(Source data)
____

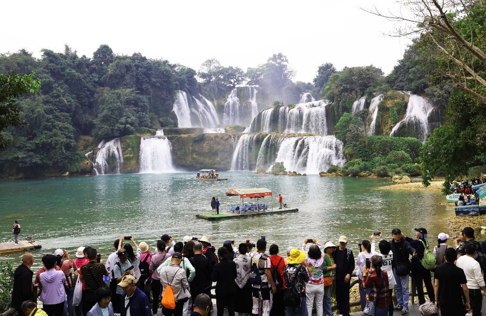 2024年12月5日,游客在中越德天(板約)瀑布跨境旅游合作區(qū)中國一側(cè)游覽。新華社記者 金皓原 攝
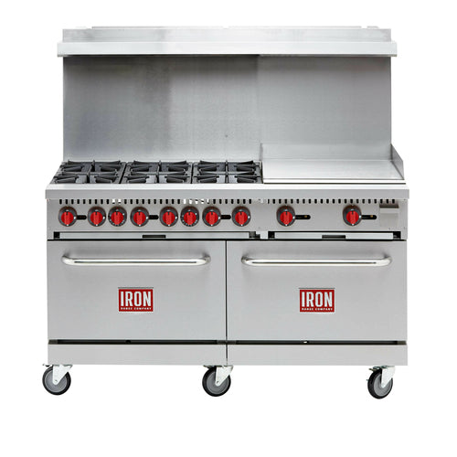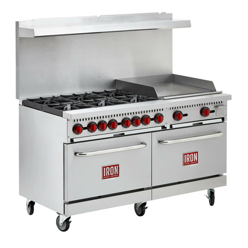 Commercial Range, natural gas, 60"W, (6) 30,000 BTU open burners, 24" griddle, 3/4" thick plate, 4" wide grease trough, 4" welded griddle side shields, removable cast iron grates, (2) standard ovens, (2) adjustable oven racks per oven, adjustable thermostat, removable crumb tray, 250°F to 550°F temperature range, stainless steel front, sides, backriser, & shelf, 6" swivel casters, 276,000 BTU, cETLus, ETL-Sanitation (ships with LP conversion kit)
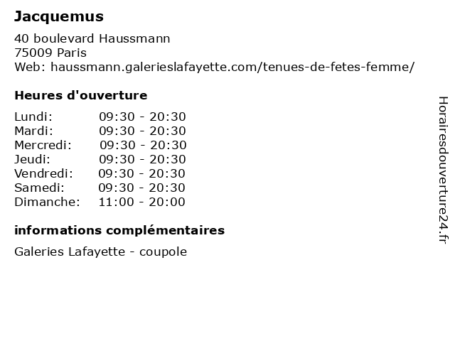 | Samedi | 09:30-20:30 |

____

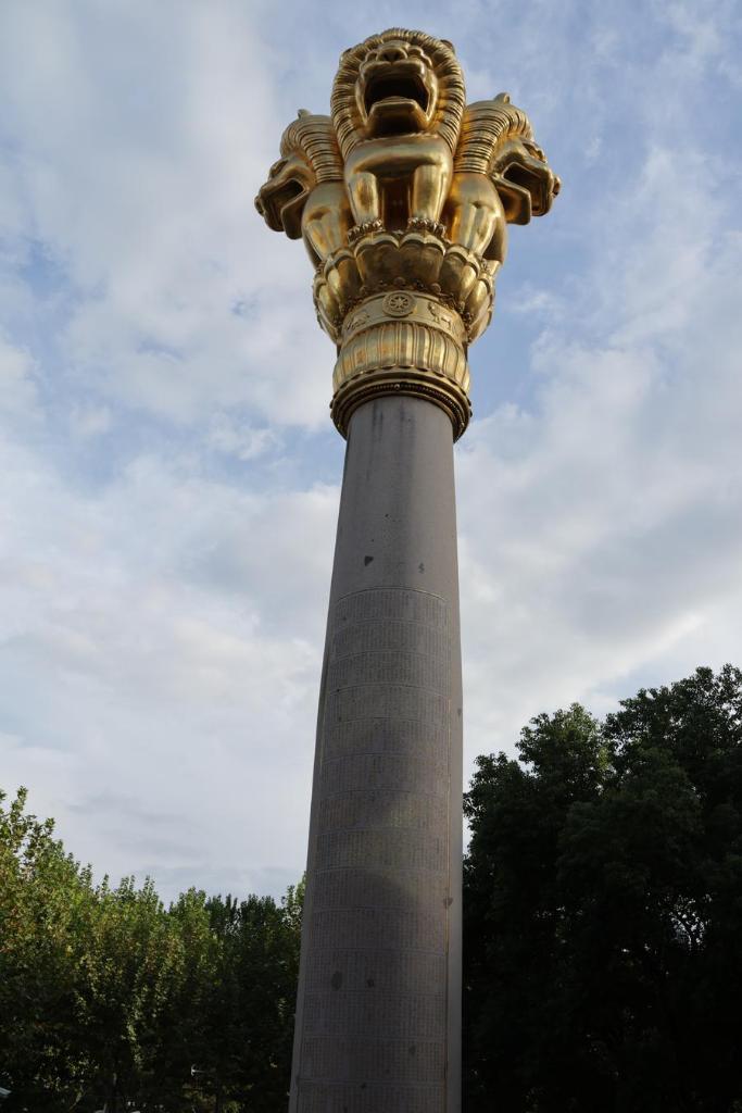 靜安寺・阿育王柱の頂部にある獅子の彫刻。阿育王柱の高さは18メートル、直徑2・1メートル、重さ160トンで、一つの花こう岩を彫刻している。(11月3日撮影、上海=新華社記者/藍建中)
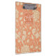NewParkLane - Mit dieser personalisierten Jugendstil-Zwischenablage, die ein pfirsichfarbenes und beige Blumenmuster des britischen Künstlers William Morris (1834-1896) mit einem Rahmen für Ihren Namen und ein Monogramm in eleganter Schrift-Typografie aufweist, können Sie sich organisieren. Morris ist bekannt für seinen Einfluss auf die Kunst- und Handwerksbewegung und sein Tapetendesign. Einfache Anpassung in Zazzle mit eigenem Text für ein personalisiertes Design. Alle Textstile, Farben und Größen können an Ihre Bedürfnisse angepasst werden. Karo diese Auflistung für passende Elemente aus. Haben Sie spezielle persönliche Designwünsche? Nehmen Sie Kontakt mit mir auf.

____

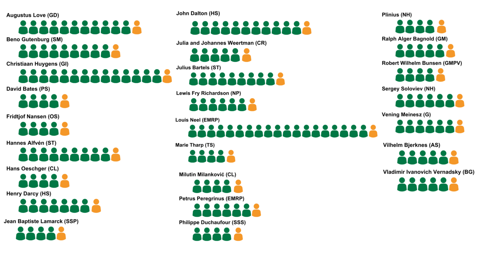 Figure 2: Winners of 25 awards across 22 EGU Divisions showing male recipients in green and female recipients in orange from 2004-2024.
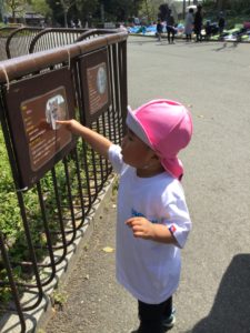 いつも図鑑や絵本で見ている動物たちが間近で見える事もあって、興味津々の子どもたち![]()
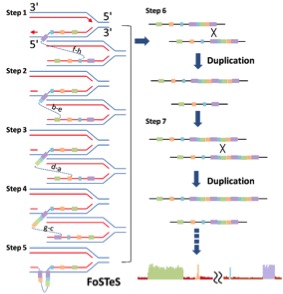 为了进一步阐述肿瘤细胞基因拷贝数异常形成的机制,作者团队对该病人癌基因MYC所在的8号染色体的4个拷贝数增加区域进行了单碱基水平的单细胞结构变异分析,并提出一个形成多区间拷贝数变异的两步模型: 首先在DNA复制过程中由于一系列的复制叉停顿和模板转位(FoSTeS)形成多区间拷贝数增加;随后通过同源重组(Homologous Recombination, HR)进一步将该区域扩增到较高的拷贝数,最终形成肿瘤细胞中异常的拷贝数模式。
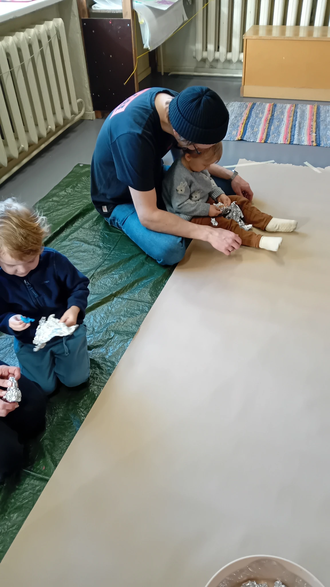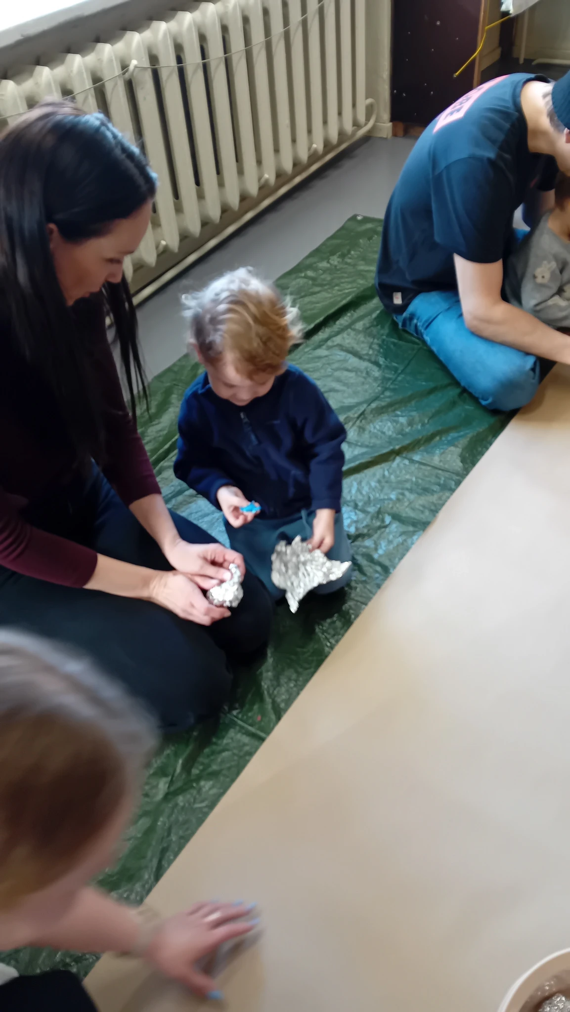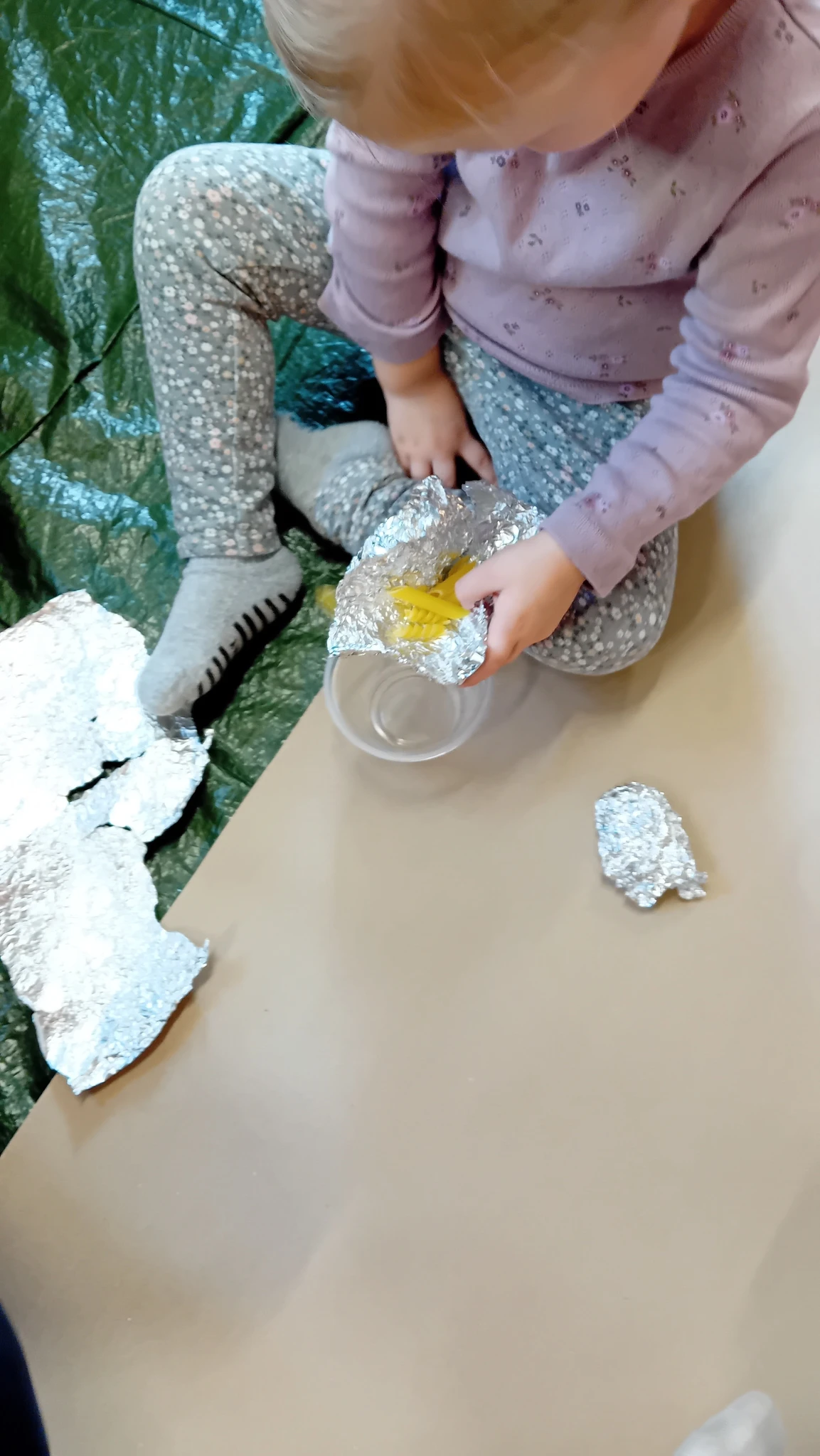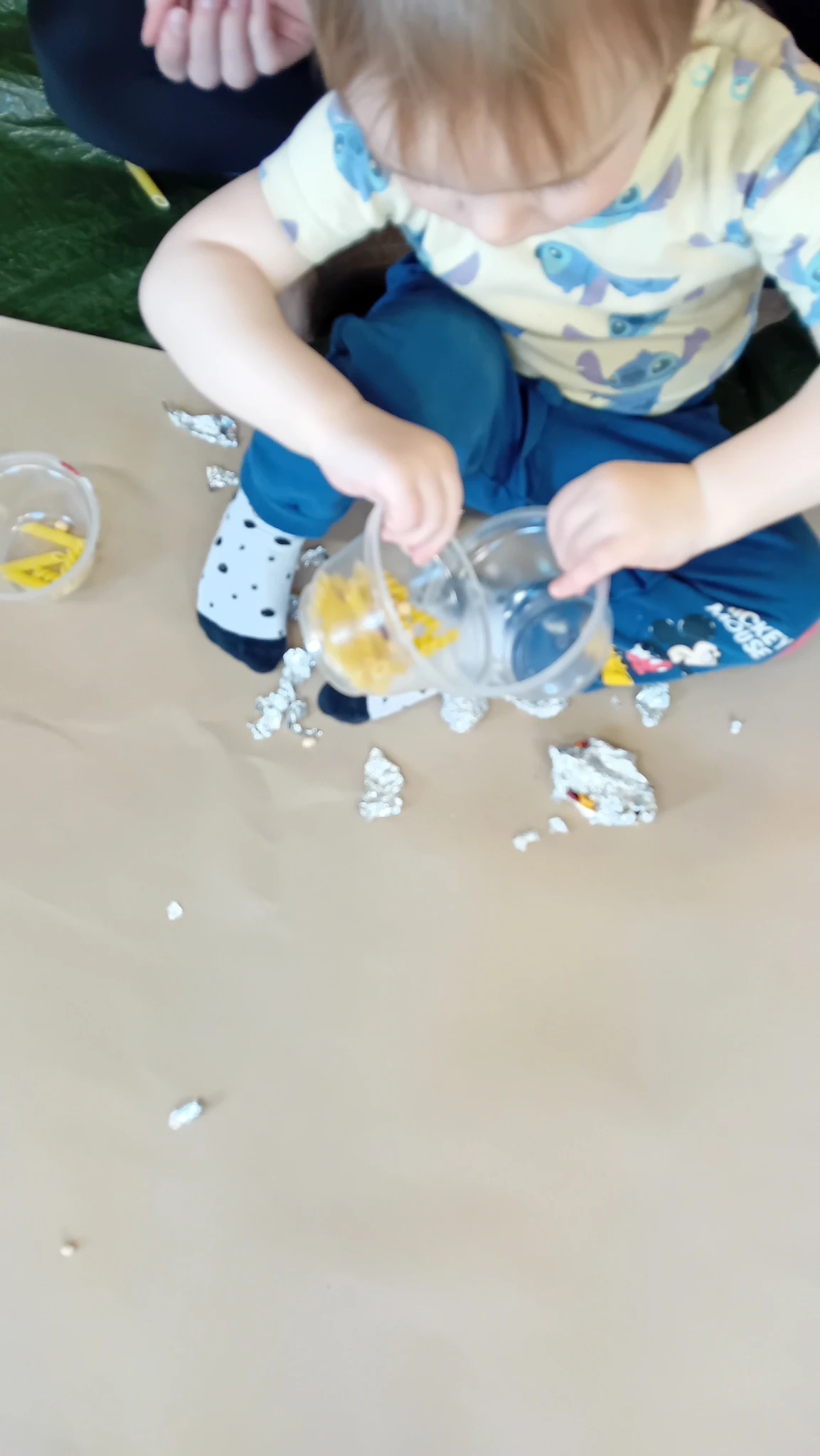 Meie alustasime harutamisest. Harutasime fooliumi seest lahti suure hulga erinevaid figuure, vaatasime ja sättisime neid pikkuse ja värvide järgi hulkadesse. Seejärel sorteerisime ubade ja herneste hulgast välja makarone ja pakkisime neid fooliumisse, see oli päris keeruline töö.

____

(The task) From the records above, transcribe only the stretch from the line with "2024年12月5日,游客在中越德天(板約)瀑布跨境旅游合作區(qū)中國一側(cè)游覽。新華社記者 金皓原 攝" through the line with "Samedi | 09:30-20:30 |", keeping both ends. Omit pictures.

(Reply)
 2024年12月5日,游客在中越德天(板約)瀑布跨境旅游合作區(qū)中國一側(cè)游覽。新華社記者 金皓原 攝
 Commercial Range, natural gas, 60"W, (6) 30,000 BTU open burners, 24" griddle, 3/4" thick plate, 4" wide grease trough, 4" welded griddle side shields, removable cast iron grates, (2) standard ovens, (2) adjustable oven racks per oven, adjustable thermostat, removable crumb tray, 250°F to 550°F temperature range, stainless steel front, sides, backriser, & shelf, 6" swivel casters, 276,000 BTU, cETLus, ETL-Sanitation (ships with LP conversion kit)
 | Samedi | 09:30-20:30 |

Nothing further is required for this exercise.